The electrophysiological model of human atrial Mfb proposed by MacCannell et al. [26] was used in the present study. It includes time- and voltage-dependent K+ current (IKv_Mfb), inward-rectifying K+ current (IK1_Mfb), Na+–K+ pump current (INaK_Mfb), and Na+ background current (IB,Na_Mfb).

In addition, INa_Mfb and IMGC_Mfb are added in the Mfb model. According to our previous work [28], equations of INa_Mfb and IMGC_Mfb are formulated as

$$I_{{{\text{Na\_Mfb}}}} = \overline{g}_{\text{Na,Mfb}} m_{\text{Mfb}} j_{\text{Mfb}}^{ 0. 1 2} \left( {V_{\text{Mfb}} - E_{\text{Na,Mfb}} } \right)$$
(10)
$$E_{\text{Na,Mfb}} = \frac{\text{RT}}{F}{ \log }\frac{{\left[ {{\text{Na}}^{ + } } \right]_{{c , {\text{Mfb}}}} }}{{\left[ {{\text{Na}}^{ + } } \right]_{{i , {\text{Mfb}}}} }}$$
(11)
$$I_{{{\text{MGC\_Mfb}}}} = \overline{g}_{\text{MGC,Mfb}} \cdot \left( {V_{\text{Mfb}} - E_{\text{MGC,Mfb}} } \right),$$
(12)

where \(\overline{g}_{\text{Na,Mfb}}\) is the maximum conductance of INa_Mfb (0.756 nS), ENa,Mfb the Nernst potential for Na+ ions, [Na+]c,Mfb the Mfb extracellular Na+ concentration (130.011 mM), [Na+]i,Mfb the Mfb intracellular Na+ concentration (the initial value is set as 8.5547 mM), and mMfb and jMfb the activation and inactivation parameters, respectively. To follow the experiment data [18], j has been modified as j0.12. \(\overline{g}_{\text{MGC,Mfb}}\) is the maximum conductance of IMGC_Mfb (0.043 nS), and EMGC,Mfb is the reversal potential of MGCs (selected a value close to 0 mV) [21].

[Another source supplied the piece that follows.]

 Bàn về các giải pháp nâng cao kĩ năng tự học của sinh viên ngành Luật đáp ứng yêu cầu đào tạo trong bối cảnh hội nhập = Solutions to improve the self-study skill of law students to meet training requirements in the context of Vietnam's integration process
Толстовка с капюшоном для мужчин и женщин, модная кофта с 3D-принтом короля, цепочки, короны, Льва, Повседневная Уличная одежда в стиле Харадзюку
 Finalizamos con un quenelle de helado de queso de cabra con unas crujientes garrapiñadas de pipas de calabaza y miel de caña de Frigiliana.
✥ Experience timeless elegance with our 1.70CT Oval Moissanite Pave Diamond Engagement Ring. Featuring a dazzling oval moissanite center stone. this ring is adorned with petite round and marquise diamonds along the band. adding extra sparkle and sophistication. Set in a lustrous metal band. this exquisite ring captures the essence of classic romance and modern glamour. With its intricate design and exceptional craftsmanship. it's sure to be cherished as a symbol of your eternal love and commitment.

Mechanical behavior of a single segment

The mechanical behavior of a single segment in our model is based on the classical three-element rheological scheme [53, 54].

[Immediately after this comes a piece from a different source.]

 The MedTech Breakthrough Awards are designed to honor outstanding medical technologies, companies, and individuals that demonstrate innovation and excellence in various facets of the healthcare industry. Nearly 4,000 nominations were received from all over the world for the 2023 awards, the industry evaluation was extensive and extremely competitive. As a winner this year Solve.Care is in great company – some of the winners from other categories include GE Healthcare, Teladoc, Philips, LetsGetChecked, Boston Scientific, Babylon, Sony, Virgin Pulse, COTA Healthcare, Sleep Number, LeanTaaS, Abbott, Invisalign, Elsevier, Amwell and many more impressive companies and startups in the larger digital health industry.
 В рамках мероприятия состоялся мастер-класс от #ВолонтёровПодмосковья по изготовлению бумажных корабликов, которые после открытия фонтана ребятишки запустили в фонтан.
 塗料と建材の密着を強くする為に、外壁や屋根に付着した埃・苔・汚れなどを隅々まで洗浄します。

As shown in Fig. 6, active force (FCE) is generated by the contractile element (CE), and passive forces (FSE, FPE) are generated in a serial elastic element (SE) and a parallel elastic element (PE). Fsegment is the total force generated by the segment. The element lengths are lCE, lSE, and lPE. During mechanical equilibrium, FCE, Fsegment, and lPE are defined as

$$F_{\text{CE}} = F_{\text{SE}}$$
(13)
$$F_{\text{segment}} = F_{\text{SE}} + F_{\text{PE}}$$
(14)
$$l_{\text{PE}} = l_{\text{CE}} + l_{\text{SE}} .$$
(15)
Fig. 6
figure 6

Three-element scheme to model mechanical behavior of a single segment

Simulation protocol

We performed single-cell simulations with constant sarcomere length (isosarcometric contraction) and constant applied force (isotonic contraction) to investigate the effects of ISAC, INa_Mfb, and IMGC_Mfb on myocyte mechanical properties.

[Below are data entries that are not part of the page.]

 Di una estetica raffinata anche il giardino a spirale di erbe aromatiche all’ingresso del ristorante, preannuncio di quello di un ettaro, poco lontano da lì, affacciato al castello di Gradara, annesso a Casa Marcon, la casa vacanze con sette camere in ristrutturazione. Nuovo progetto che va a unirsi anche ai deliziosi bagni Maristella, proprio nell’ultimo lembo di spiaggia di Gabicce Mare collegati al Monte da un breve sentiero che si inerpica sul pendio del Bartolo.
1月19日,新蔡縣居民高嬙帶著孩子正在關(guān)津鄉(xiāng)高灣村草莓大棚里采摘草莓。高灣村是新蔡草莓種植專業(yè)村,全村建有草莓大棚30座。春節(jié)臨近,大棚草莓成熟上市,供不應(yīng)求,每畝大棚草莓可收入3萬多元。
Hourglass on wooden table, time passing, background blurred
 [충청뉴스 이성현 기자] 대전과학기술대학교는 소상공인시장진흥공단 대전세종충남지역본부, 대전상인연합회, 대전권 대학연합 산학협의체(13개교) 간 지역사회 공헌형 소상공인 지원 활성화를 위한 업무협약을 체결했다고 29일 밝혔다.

Five groups were simulated sequentially: one atrial myocyte without Mfb coupling (Group 1), one atrial myocyte coupled to two Mfbs without ISAC, INa_Mfb, and IMGC_Mfb (Group 2), one atrial myocyte coupled to two Mfbs with INa_Mfb (Group 3), one atrial myocyte coupled to two Mfbs with ISAC and INa_Mfb (Group 4), and one atrial myocyte coupled to two Mfbs with ISAC, INa_Mfb, and IMGC_Mfb (Group 5).

First, simulations were carried out at a constant Ggap of 3 nS and a BCL of 1 s. Thereafter, the coupled system was paced with (1) BCLs from 0.1 to 2 s, (2) Ggap from 0.5 to 8 nS, and (3) number of coupled Mfbs from 1 to 8, to investigate the role of BCL, Ggap, and Mfbs in myocyte mechanical parameters. The maximum or minimum of FSE, FPE, Fsegment, lCE, lSE, and lPE at different BCL, Ggap, and Mfbs number were examined.

To ensure the coupled system reached steady-state, stimulation was repeated for 20 cycles. Results from the last cycle in each simulation were used for subsequent analyses. All state variables of the coupled model were updated by means of the forward Euler method. The time step was set to be 10 μs to ensure numerical accuracy and stability. More information on “Methods” is available in the Additional file 1.